WHAT YOU NEED TO DO -> Starting at the line that holds "Carte de remerciement rose et argent." and stopping at the line that holds "Gabriel Vasconcelos (Juventude), Rochet", restate the records below word for word, with both of those lines included.

INPUT RECORDS ->

▽

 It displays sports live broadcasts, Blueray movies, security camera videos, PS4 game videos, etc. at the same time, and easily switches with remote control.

△
▽

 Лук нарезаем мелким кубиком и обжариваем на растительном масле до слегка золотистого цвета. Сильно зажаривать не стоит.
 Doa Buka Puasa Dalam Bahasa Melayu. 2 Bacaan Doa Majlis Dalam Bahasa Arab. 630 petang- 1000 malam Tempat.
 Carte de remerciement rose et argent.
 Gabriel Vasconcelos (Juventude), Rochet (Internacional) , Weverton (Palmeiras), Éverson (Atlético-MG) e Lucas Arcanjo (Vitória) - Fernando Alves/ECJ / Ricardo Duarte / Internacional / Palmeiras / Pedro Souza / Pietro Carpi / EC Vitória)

△
▽

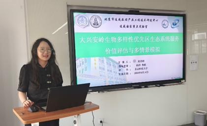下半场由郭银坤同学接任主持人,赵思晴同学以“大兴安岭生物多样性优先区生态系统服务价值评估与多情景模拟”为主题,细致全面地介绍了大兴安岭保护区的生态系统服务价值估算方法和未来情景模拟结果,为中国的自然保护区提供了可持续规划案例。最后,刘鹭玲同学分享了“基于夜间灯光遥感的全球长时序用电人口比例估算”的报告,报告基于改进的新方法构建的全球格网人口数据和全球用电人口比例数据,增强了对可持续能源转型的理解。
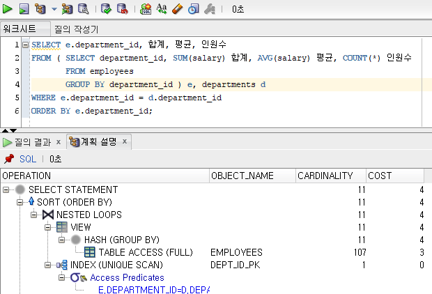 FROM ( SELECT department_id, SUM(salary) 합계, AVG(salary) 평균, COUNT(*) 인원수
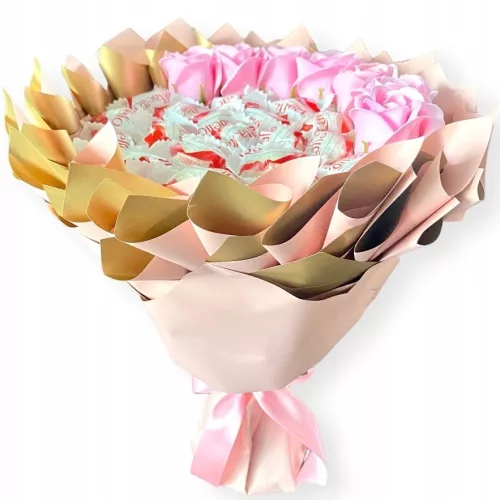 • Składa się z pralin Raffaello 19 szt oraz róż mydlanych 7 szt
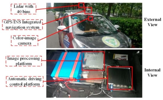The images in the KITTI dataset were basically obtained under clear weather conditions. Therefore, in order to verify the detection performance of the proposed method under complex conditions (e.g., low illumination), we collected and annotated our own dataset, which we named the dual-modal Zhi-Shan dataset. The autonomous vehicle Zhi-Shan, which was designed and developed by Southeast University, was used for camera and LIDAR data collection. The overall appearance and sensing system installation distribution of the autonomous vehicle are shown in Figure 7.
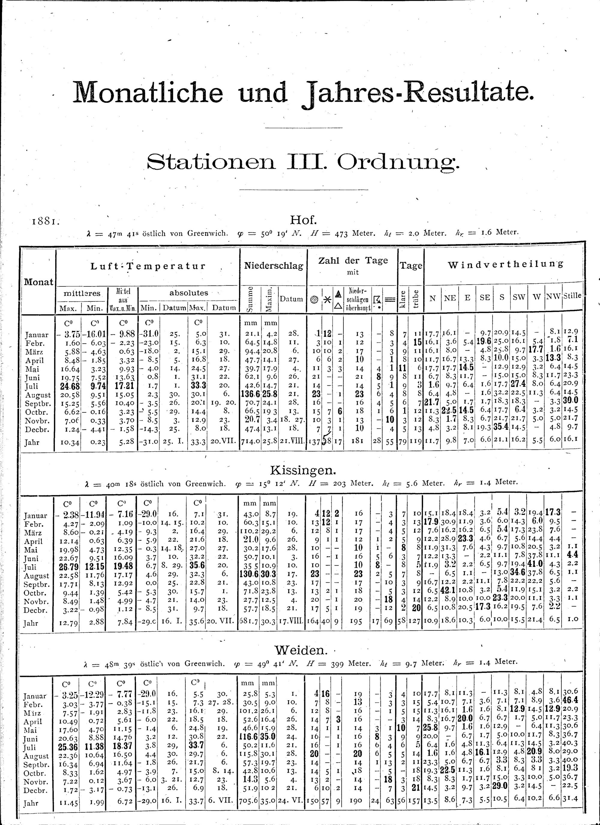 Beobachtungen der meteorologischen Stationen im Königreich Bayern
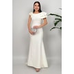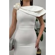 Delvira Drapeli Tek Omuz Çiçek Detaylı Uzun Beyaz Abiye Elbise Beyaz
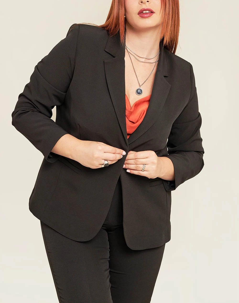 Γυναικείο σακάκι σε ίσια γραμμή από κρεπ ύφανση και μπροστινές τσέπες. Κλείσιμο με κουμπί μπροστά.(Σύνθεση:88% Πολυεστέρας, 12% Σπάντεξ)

△

EXERCISE OUTPUT ->
 Carte de remerciement rose et argent.
 Gabriel Vasconcelos (Juventude), Rochet (Internacional) , Weverton (Palmeiras), Éverson (Atlético-MG) e Lucas Arcanjo (Vitória) - Fernando Alves/ECJ / Ricardo Duarte / Internacional / Palmeiras / Pedro Souza / Pietro Carpi / EC Vitória)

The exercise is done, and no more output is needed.